_Data for review_

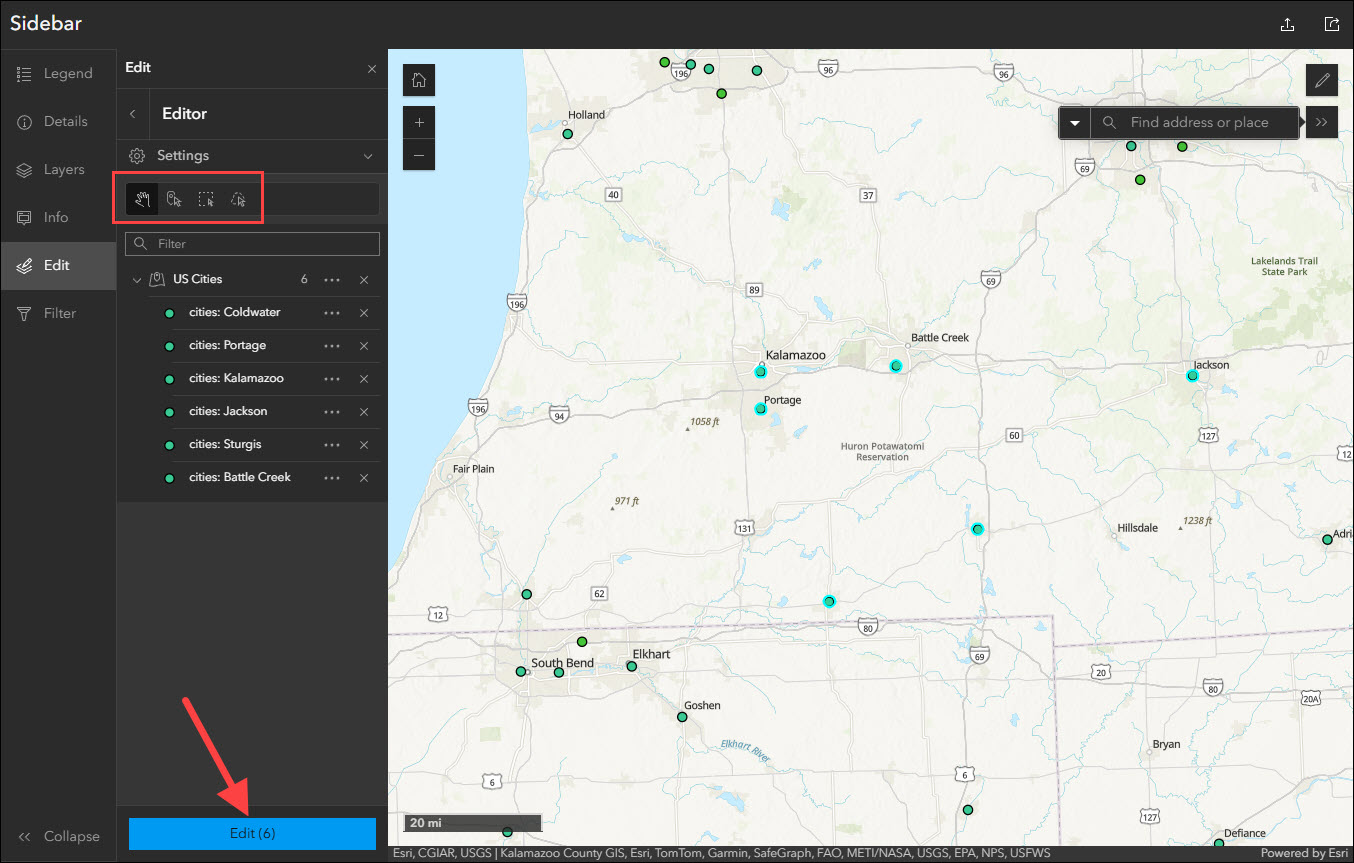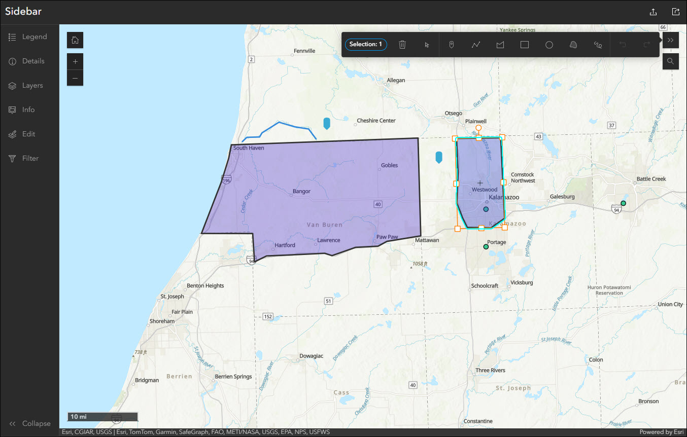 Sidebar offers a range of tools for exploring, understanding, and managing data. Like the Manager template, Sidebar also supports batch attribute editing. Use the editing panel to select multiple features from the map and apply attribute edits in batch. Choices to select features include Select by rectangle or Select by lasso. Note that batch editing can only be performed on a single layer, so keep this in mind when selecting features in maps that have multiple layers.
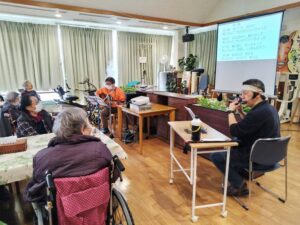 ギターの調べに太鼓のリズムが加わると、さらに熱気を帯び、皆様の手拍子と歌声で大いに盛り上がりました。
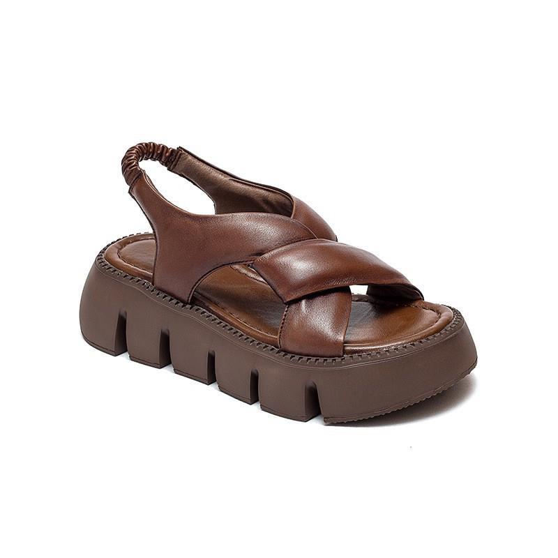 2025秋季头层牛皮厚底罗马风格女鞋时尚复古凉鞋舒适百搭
==
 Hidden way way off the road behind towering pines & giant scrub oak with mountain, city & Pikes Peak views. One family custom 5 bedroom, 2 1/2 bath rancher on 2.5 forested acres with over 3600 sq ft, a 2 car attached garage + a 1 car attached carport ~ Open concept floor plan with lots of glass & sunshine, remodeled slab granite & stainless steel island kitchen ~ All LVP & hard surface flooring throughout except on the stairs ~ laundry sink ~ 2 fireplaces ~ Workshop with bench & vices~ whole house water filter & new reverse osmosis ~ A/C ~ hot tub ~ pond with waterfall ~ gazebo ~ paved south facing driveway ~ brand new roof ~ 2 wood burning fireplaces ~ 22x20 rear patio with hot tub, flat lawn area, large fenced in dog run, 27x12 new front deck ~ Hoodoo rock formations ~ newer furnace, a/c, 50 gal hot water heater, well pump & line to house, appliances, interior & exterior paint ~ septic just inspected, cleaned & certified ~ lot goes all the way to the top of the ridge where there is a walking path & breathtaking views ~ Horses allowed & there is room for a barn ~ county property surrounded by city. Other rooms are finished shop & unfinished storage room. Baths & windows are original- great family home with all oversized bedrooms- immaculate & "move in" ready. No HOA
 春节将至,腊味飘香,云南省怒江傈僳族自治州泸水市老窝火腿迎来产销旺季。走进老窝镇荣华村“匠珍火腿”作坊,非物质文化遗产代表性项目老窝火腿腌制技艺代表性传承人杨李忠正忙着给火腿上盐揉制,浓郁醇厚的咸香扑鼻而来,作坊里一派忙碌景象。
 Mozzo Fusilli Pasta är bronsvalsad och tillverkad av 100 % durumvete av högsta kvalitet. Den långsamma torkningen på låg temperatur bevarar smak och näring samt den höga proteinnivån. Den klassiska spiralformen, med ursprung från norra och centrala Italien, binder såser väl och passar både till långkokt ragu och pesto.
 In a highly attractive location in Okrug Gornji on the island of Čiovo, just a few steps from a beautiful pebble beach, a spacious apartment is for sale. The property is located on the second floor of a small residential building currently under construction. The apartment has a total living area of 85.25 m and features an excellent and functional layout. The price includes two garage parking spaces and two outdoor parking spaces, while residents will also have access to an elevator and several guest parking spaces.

_Problem statement_
Copy only the lines above from the one containing "ギターの調べに太鼓のリズムが" through the one containing "2025秋季头层牛皮厚底罗马风格女鞋时尚复古凉鞋舒适百搭", both included. Leave out the pictures.

_Your solution_
 ギターの調べに太鼓のリズムが加わると、さらに熱気を帯び、皆様の手拍子と歌声で大いに盛り上がりました。
 2025秋季头层牛皮厚底罗马风格女鞋时尚复古凉鞋舒适百搭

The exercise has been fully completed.